Powiedział też, że priorytetami ESA na najbliższe lata będzie finalizowanie bądź kontynuowanie istniejących programów tj. Galileo i Copernicus (program obserwacji Ziemi), ExoMars (badanie środowiska Marsa), Ariane 6 (budowa nowej rakiety) i ISS.
- Zapytałem kraje członkowskie o priorytety, więc pierwszym jest ustanowienie europejskiej agendy kosmicznej. Drugim są duże projekty, co oznacza, że kraje chciałyby używać ESA jako instrumentu do realizacji bardzo dużych projektów, których nie mogą przeprowadzić same - zaznaczył Woerner.

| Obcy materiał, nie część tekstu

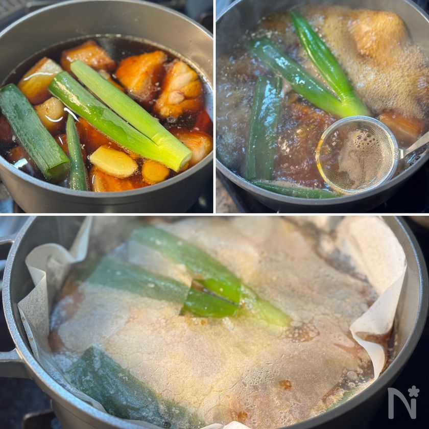 (2) 鍋に水800mlと【A】を入れて軽く混ぜ、1の豚バラ肉、生姜、長ネギの青い部分を加えて火にかける。煮立ったらアクを取り、クッキングシートなどで落とし蓋をし、弱火で1時間10分〜1時間20分ほど、豚バラが柔らかくなるまで煮る。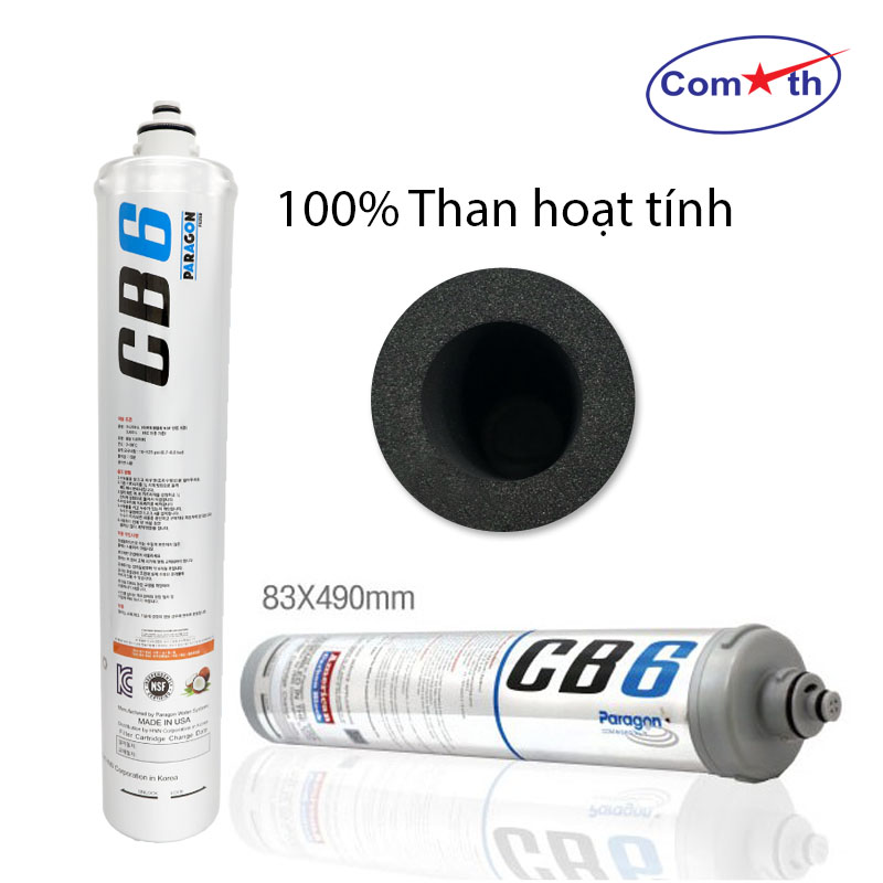 CB6 Lõi lọc Carbon khe hở 0.5 – 1 micron Có tác dụng hiệu quả trong việc loại bỏ Clo và các kim loại nặng trong nước Bộ lõi lọc được kiểm tra và đạt chứng nhận của NSF/ANSI Standard 53 với hỗn hợp cacbon chuyên dụng độc quyền có khả năng loại bỏ các kim loại nặng, Clo, các hợp chất Clo, các thành phần thuốc trừ sâu, diệt cỏ Atrazine, Lindane.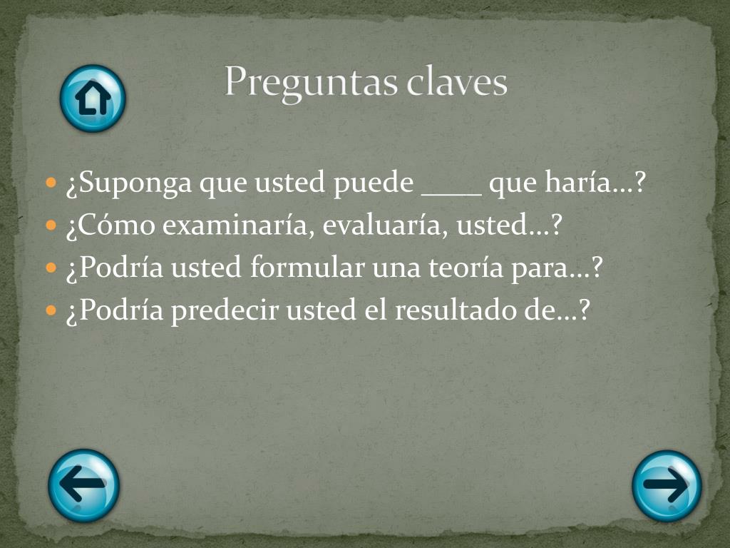 Preguntas claves • ¿Suponga que usted puede ____ que haría…? • ¿Cómo examinaría, evaluaría, usted…? • ¿Podría usted formular una teoría para…? • ¿Podría predecir usted el resultado de…?
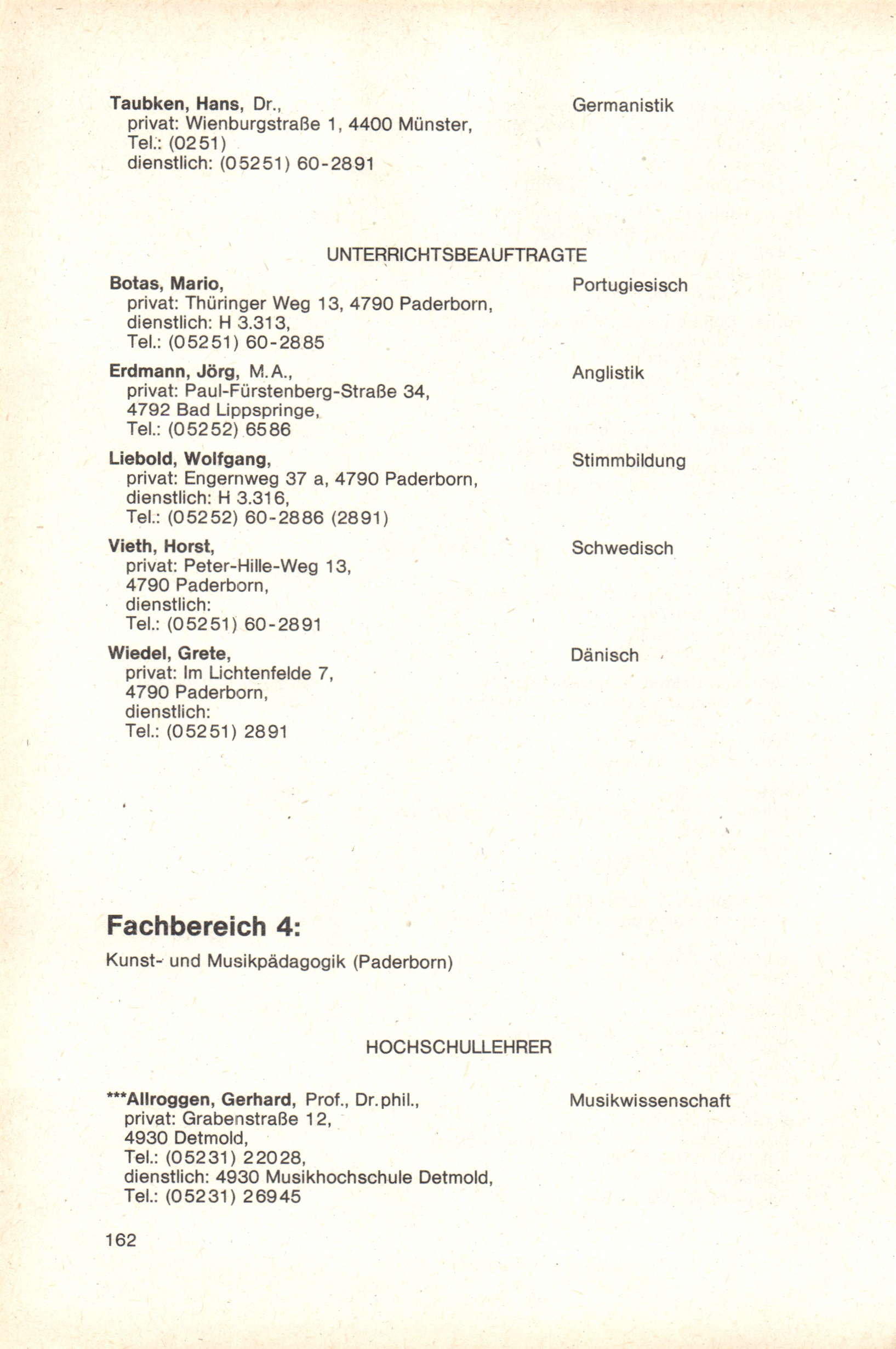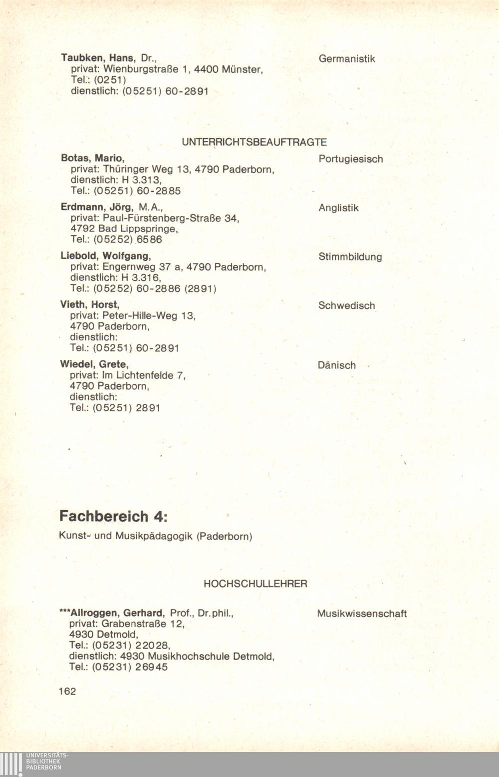 Personal- und Vorlesungsverzeichnis für die Gesamthochschule Paderborn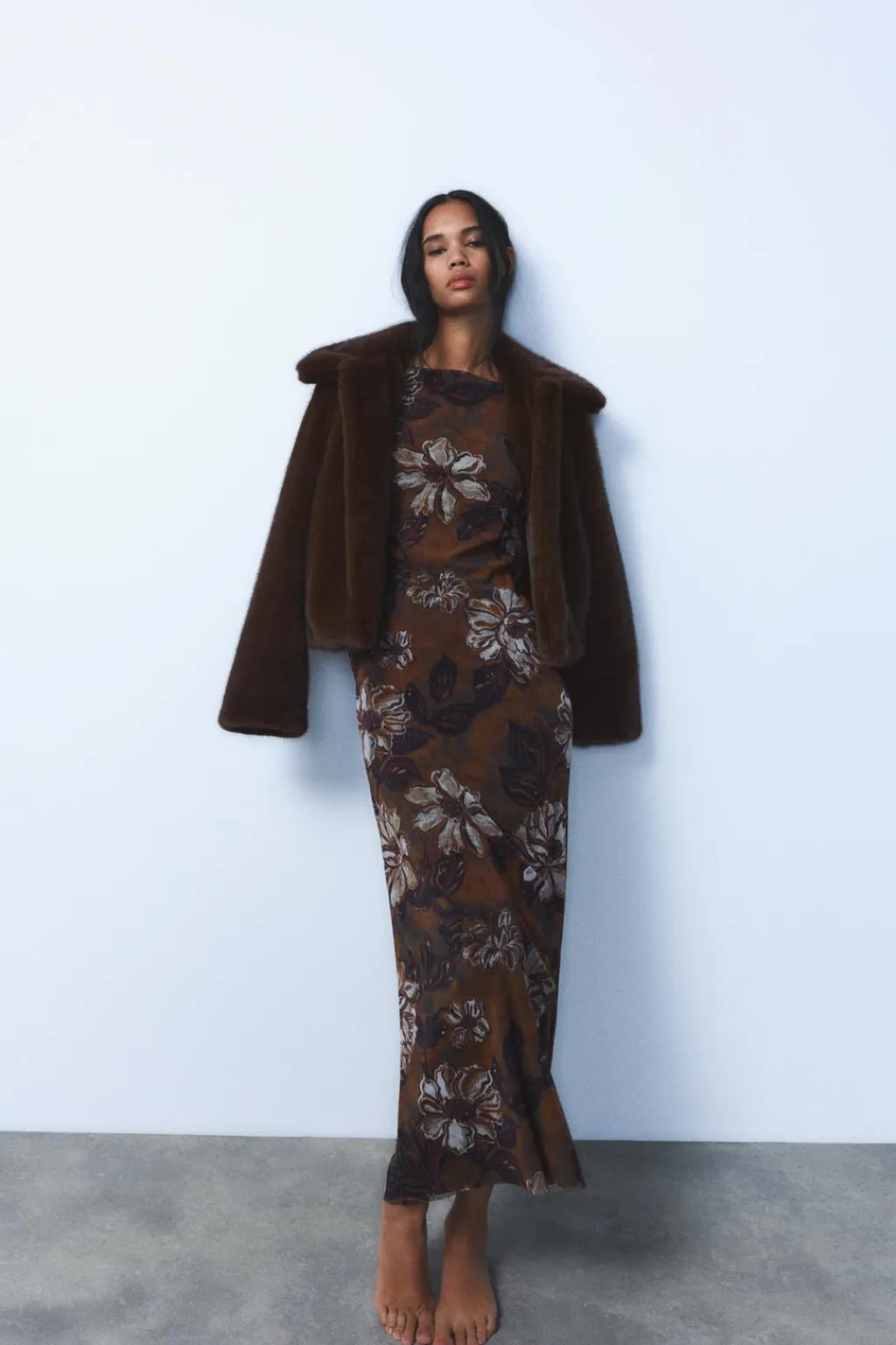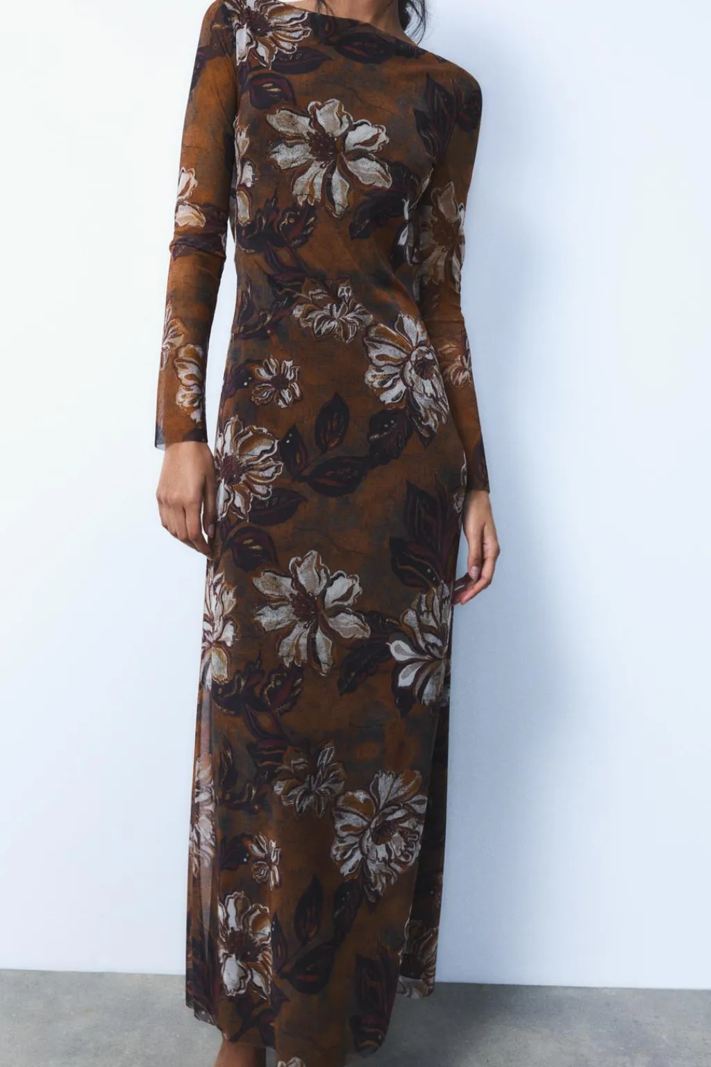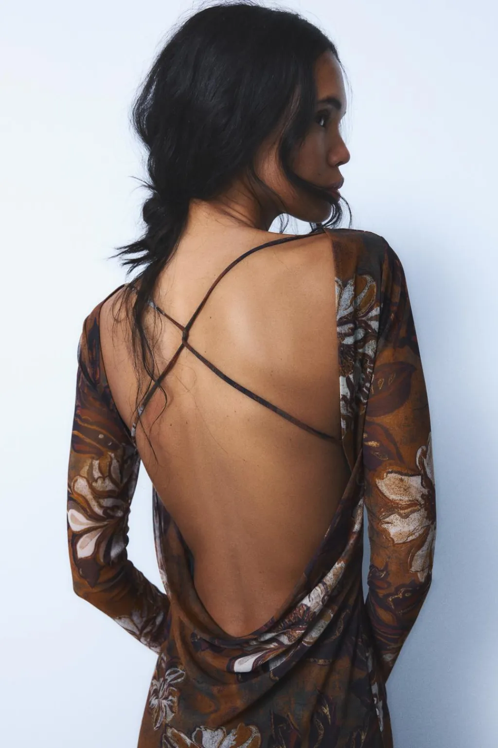 Vestido largo de cuello barco y manga larga. Espalda descubierta con tiras cruzadas. Forro interior combinado.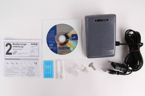 Serienzubehör: Zickzackfuß J (An der Maschine), Knopflochfuß A, Reißverschlussfuß I, Spulen (eine ist in der Maschine), Nadelsatz, Schraubendreher, Anleitung, Fußanlasser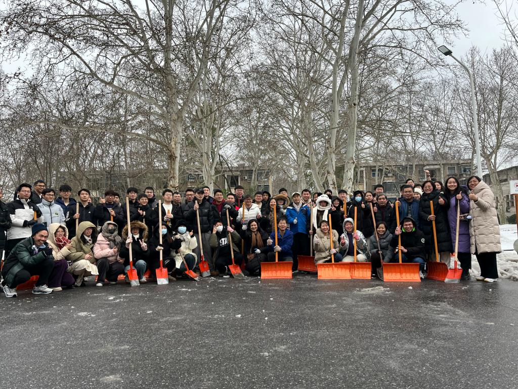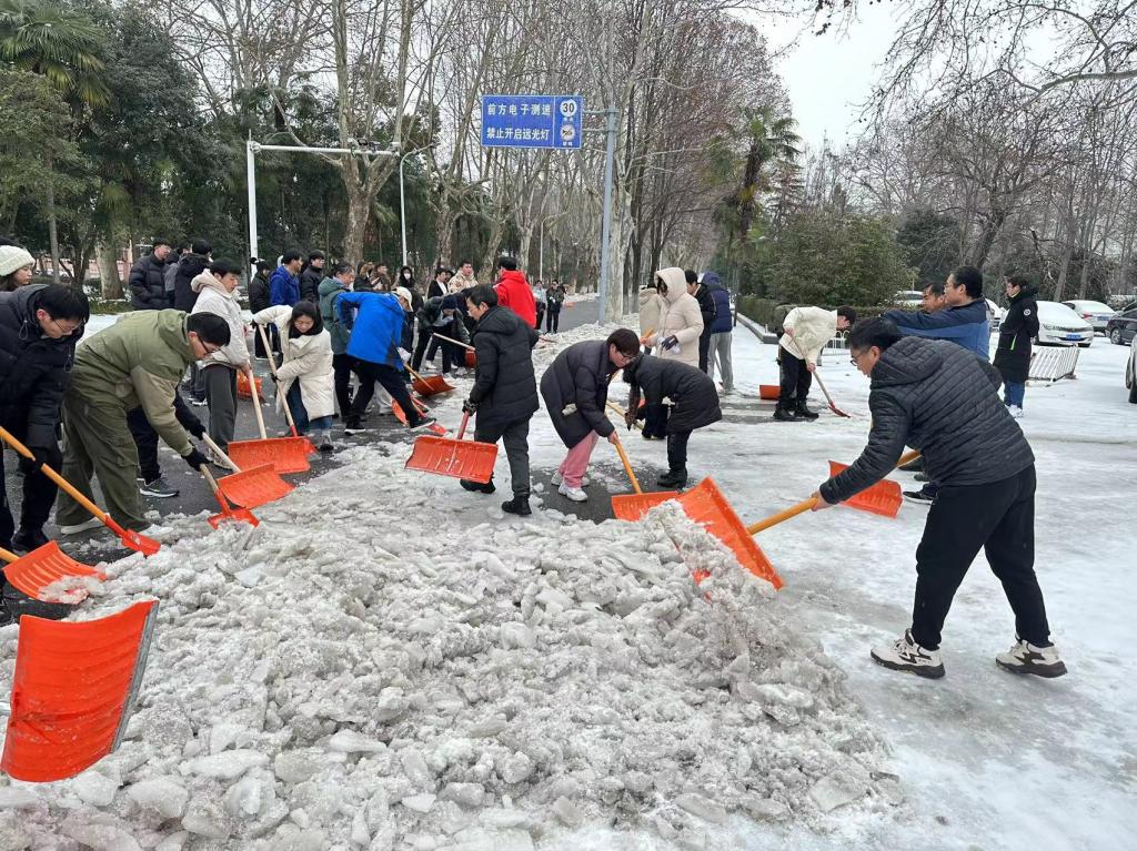 2023级博士生李宝龙在铲雪结束后说到,“这场除冰铲雪的行动不仅有机会和老师们团结协作共同劳动,也能为公司道路正常运行而贡献微薄力量,同学们感到特别自豪。在这个过程中,师生们共同度过了一段难忘的时光。守卫狮山,有你有我。”

Rozwój przemysłu kosmicznego
Jednym z priorytetów wymienionych przez członków ESA był również rozwój przemysłu kosmicznego. ESA dyskutuje też z nimi na temat przyszłości po ISS (po 2024 r.), która bada mikrograwitację i angażuje się w globalną współpracę.
- Nawet podczas kryzysu ukraińskiego, wysłaliśmy na stację astronautów i kosmonautów w jednej małej kapsule, więc ISS jest dowodem na międzynarodową współpracę nawet w czasie kryzysu - powiedział Woerner.
- W fazie po ISS powinniśmy mieć działania skierowane na niską orbitę jak również przedsięwzięcia międzynarodowe. Może to być w jednym programie albo w dwóch: badań nad mikrograwitacją i wspólnych globalnych projektów badawczych, i moim zdaniem, księżyc jest do tego wyjątkowym miejscem - dodał.
Wskazał, że nastąpiła ostatnio zmiana paradygmatu w kosmicznych badaniach i przemyśle: 50 lat temu chodziło o wyścig kosmiczny napędzany próżnością mocarstw, a teraz jest duże zainteresowane komercyjne kosmosem.